Total: 306 validation binaries, 5,707+ numerical checks, 63 papers reproduced.

Why This Matters for a Core Facility

Reproducibility: Same binary, same result, every time. No Python version drift. No R package conflicts. No “it worked on my machine.”
Speed: GPU-accelerated spectral matching is 1,077× faster than CPU. Diversity calculations are GPU-native.
Provenance: Optional cryptographic signing on every result ( BearDog Ed25519). Maps to ISO 17025 traceability requirements.
No sysadmin: One cargo build compiles everything. No Galaxy server to maintain. No conda environments to debug.

For Graduate Students

What You Get

A real science pipeline validated against published papers — not a toy project. When you extend it with your own data, the infrastructure guarantees correctness.

The K-Nome Approach

K-Nome (Knowledge-Numeric Observed & Mentored Evolutionary Programming) is how this was built: one human with domain expertise mentoring AI (Cursor IDE) through iterative cycles. The Rust compiler is the fitness function — code either compiles and passes tests, or it doesn’t.

What this means for you:

You don’t need to be a Rust expert. The compiler teaches you.
Every module has tests that serve as executable documentation.
The validation binaries are the ground truth — if your modification breaks a check, you know immediately.

Student Project Ideas (Real Science, Not Homework)

Project	Spring	What You’d Do	Data Source
Anderson eigensolve at scale	wetSpring + ICER	Run L=200 3D lattice on A100 GPUs	Computed
ADDRC compound triage	healthSpring	GPU Hill sweep on 8K compounds	ADDRC library
Soil microbiome classification	wetSpring	Real 16S through full pipeline	KBS LTER / Genomics Core
Population PK on real data	healthSpring	NLME on MIMIC-IV vancomycin TDM	PhysioNet
NPU edge deployment	toadStool	ESN classifier on BrainChip AKD1000	Live hardware
Drug-disease NMF at scale	wetSpring Track 3	NMF on ChEMBL 2M+ bioactivities	ChEMBL REST API

Each of these is publishable. The spring’s existing validation infrastructure guarantees your results are correct.

For Lab Technicians / Research Associates

What You Need to Know

You don’t need to write Rust. The validation binaries are pre-built executables.

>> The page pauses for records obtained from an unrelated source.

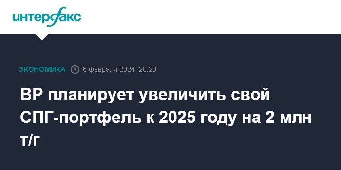 Москва. 6 февраля. INTERFAX.RU - Британская BP plc к 2025 году хочет увеличить свой портфель по сжиженному природному газу (СПГ) с 23 млн т в 2023 году до 25 млн т в 2025 году. Об этом сообщил глава компании Мюррей Окинклосс в ходе общения с инвесторами.
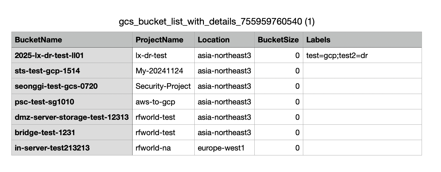 # --- 2단계: 버킷 목록 조회 및 크기 조회 (gsutil 사용), 결과 조합 ---
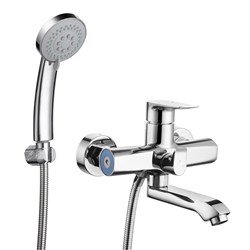 см-ль для ванной, технология производства литьё под давлением, материал корпуса цинк (Zn), с пов. литым изливом 150мм 360°, картридж ø35, покрытие хром, встр. в корпус картриджное переключение на душ. 8шт/уп.
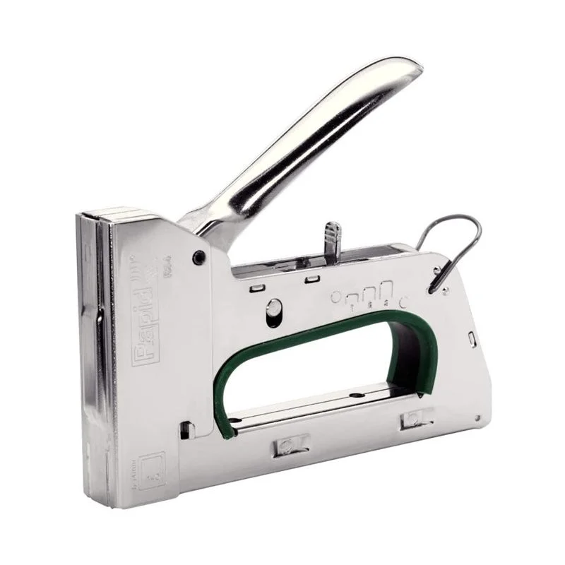 De Rapid Handtacker Metaal R34 + Niet 140 is een krachtige handtacker voor professioneel gebruik. Deze metalen handtacker is compatibel met nietjes van 140 mm, waardoor hij perfect is voor toepassingen zoals stoffering, isolatie en bevestigingswerk. Dankzij de ergonomische grip en stevige constructie ligt hij comfortabel in de hand en is langdurig gebruik geen probleem. Of je nu isolatiemateriaal vastzet of bekleding bevestigt, deze tacker biedt een snelle en efficiënte oplossing.

Your workflow is:

Prepare your data (FASTQ, mzML, CSV — whatever your instrument produces)
Run the relevant binary (cargo run --release --bin validate_*)
Check the output (PASS/FAIL with numerical tolerances)

If something fails, the output tells you exactly which check failed and what the expected vs actual values were.

Common Lab Data Formats Supported

Format	What It Is	wetSpring Module
FASTQ / FASTQ.gz	Sequencer reads	`io::fastq` (sovereign parser, handles gzip)
mzML	Mass spectrometry (open standard)	`io::mzml` (sovereign XML parser)
mzXML	Mass spectrometry (legacy open)	`io::mzxml`
JCAMP-DX	Spectroscopy (FTIR, NMR, UV-Vis)	`io::jcamp`
Newick	Phylogenetic trees	`bio::felsenstein`
WFDB (Format 212/16)	PhysioNet ECG/PPG waveforms	healthSpring `wfdb.rs`
CSV/TSV	Tabular data	Standard Rust `csv` crate

Troubleshooting

Problem	Solution
`rustc not found`	Restart terminal after installing Rust
`cargo test` has compilation errors	Run `rustup update` to ensure Rust 1.87+
GPU tests fail	Add `--features gpu` and ensure Vulkan drivers are installed
barraCuda not found	Clone barraCuda alongside the spring: `git clone [email protected]:ecoPrimals/barraCuda.git` in the same parent directory
Tests pass but I don’t understand the output	Each `validate_*` binary prints human-readable pass/fail with tolerances

Hardware Requirements

Tier	Hardware	What Works
Minimum	Any x86_64 Linux/Mac with 4 GB RAM	All CPU tests and validations
Recommended	+ any Vulkan-capable GPU (GTX 1060+)	CPU + GPU acceleration
Optimal	+ RTX 3060 or better	Full GPU pipeline, 100K+ patient Monte Carlo
NPU	+ BrainChip AKD1000 (PCIe)	Edge inference, reservoir computing

The entire ecosystem was built on ~$15,000 of consumer hardware. No HPC required for development or validation. ICER access expands scale, not capability.